Exercise aim =
Only the lines below from the one with "LOOP L/L, LOOP" through the one with "四分之三的受訪者表示5G應該與LTE以及LTE-A互相依賴。" are to be written out, exactly and without any images.

Collected data entries
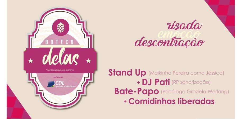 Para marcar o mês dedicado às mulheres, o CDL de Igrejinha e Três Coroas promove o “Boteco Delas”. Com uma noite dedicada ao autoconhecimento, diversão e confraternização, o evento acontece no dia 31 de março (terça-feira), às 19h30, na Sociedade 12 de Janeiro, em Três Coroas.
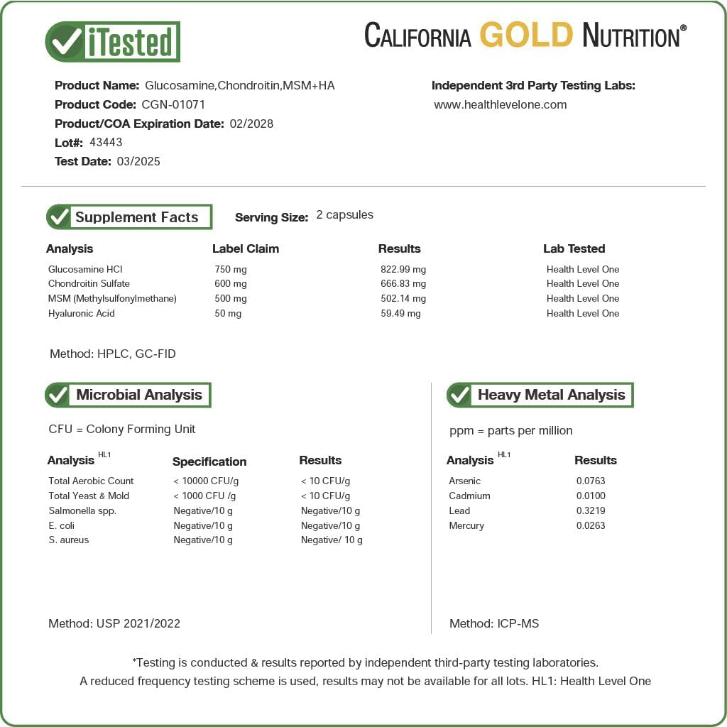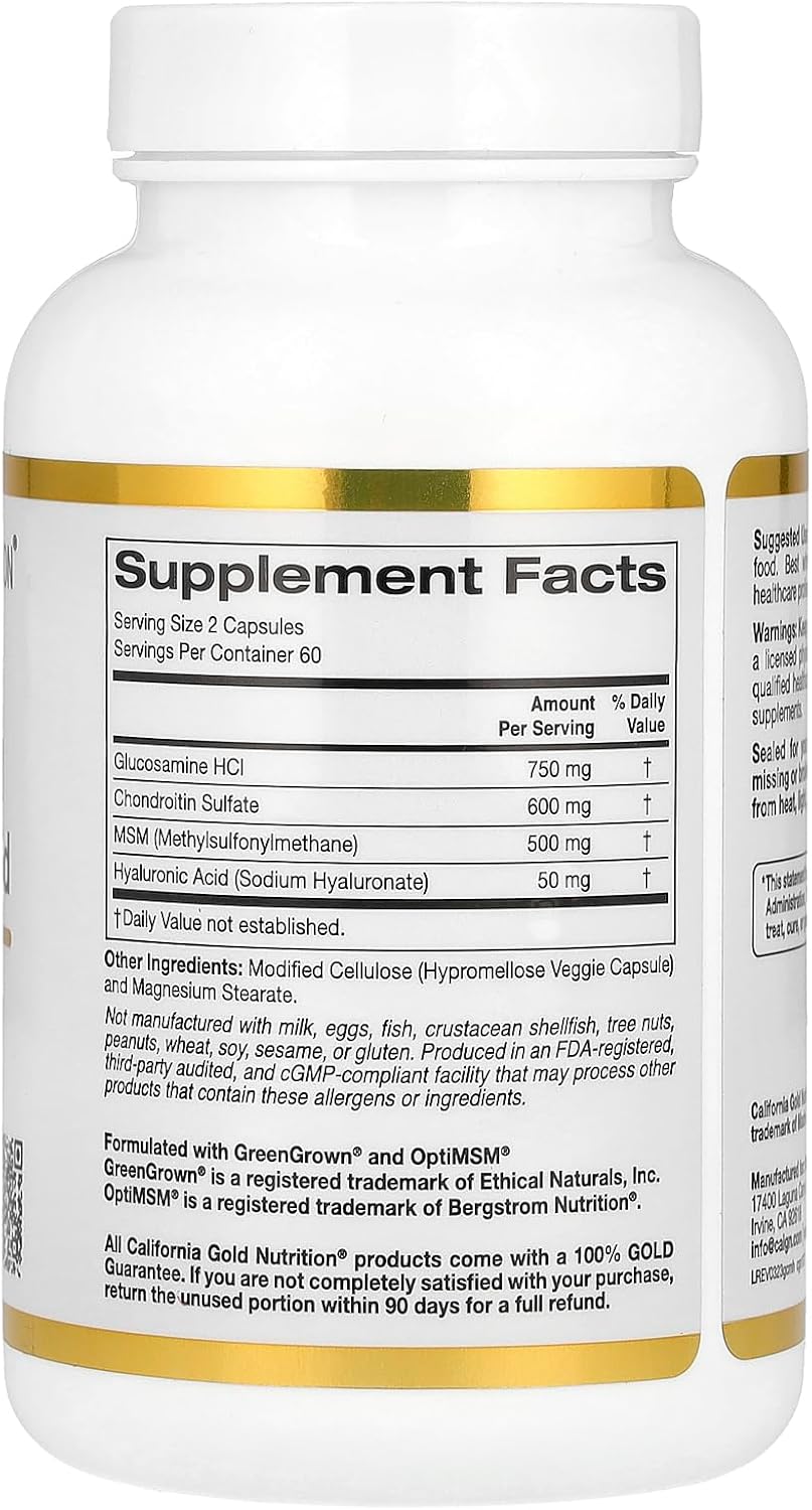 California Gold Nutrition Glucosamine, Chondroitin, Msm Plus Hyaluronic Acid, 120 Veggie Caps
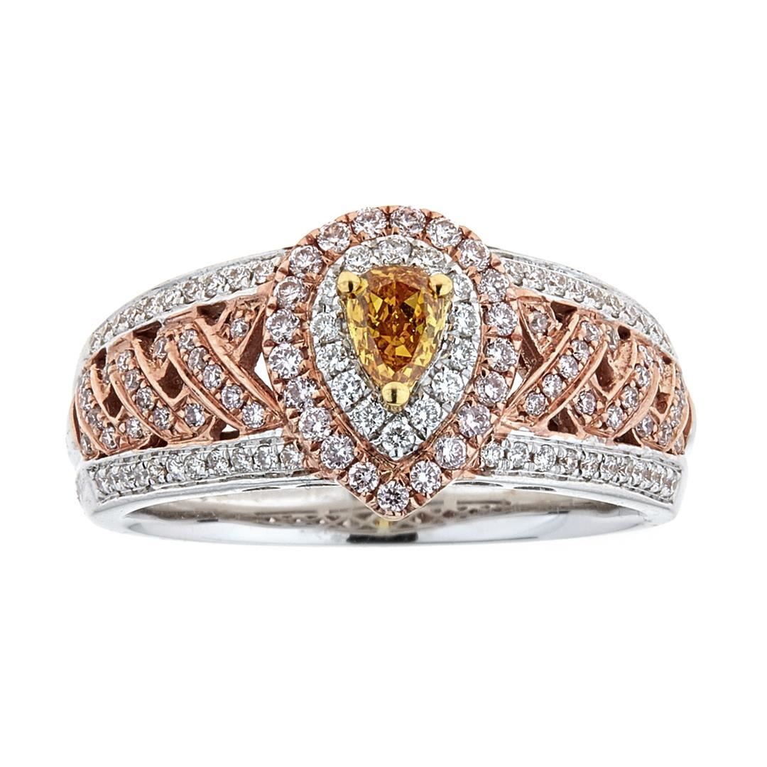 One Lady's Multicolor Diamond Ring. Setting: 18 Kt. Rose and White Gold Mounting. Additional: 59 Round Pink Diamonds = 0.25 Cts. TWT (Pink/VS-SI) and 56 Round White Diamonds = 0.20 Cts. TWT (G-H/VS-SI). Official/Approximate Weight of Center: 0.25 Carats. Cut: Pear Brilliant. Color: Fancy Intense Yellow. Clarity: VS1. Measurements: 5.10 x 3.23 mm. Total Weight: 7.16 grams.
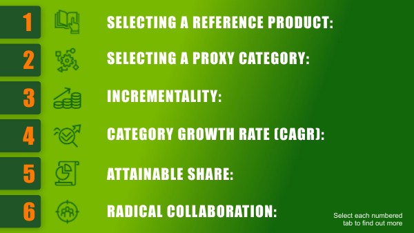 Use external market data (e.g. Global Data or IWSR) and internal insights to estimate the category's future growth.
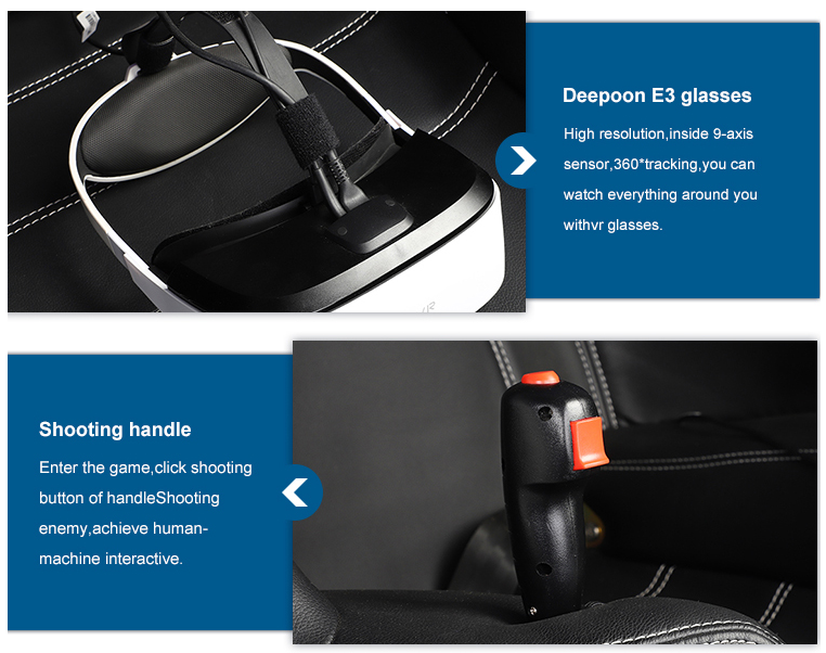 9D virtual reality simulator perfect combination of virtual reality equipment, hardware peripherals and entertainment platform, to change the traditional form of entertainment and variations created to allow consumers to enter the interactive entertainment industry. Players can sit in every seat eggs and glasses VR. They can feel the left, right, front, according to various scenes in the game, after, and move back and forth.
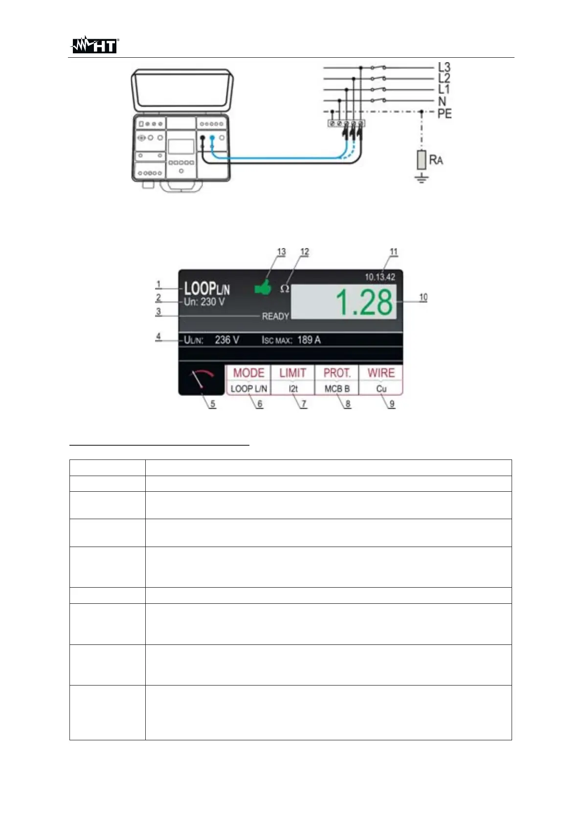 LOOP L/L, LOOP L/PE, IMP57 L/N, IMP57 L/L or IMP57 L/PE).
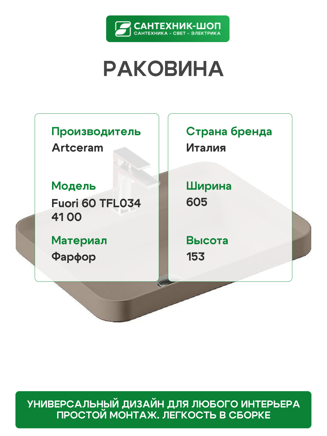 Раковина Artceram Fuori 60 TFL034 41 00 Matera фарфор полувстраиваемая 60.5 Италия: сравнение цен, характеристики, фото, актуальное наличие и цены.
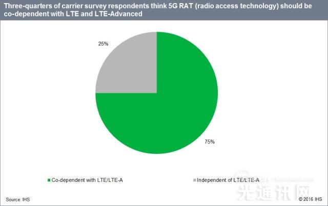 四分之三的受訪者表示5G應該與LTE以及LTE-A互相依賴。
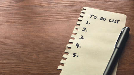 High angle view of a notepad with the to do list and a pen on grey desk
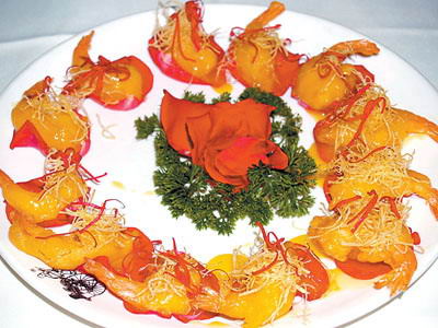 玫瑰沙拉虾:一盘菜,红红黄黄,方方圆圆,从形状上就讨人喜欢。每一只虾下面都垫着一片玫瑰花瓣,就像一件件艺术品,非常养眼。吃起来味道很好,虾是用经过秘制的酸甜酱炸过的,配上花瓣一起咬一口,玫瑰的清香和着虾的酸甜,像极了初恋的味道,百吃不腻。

Response area =
 LOOP L/L, LOOP L/PE, IMP57 L/N, IMP57 L/L or IMP57 L/PE).
 Раковина Artceram Fuori 60 TFL034 41 00 Matera фарфор полувстраиваемая 60.5 Италия: сравнение цен, характеристики, фото, актуальное наличие и цены.
 四分之三的受訪者表示5G應該與LTE以及LTE-A互相依賴。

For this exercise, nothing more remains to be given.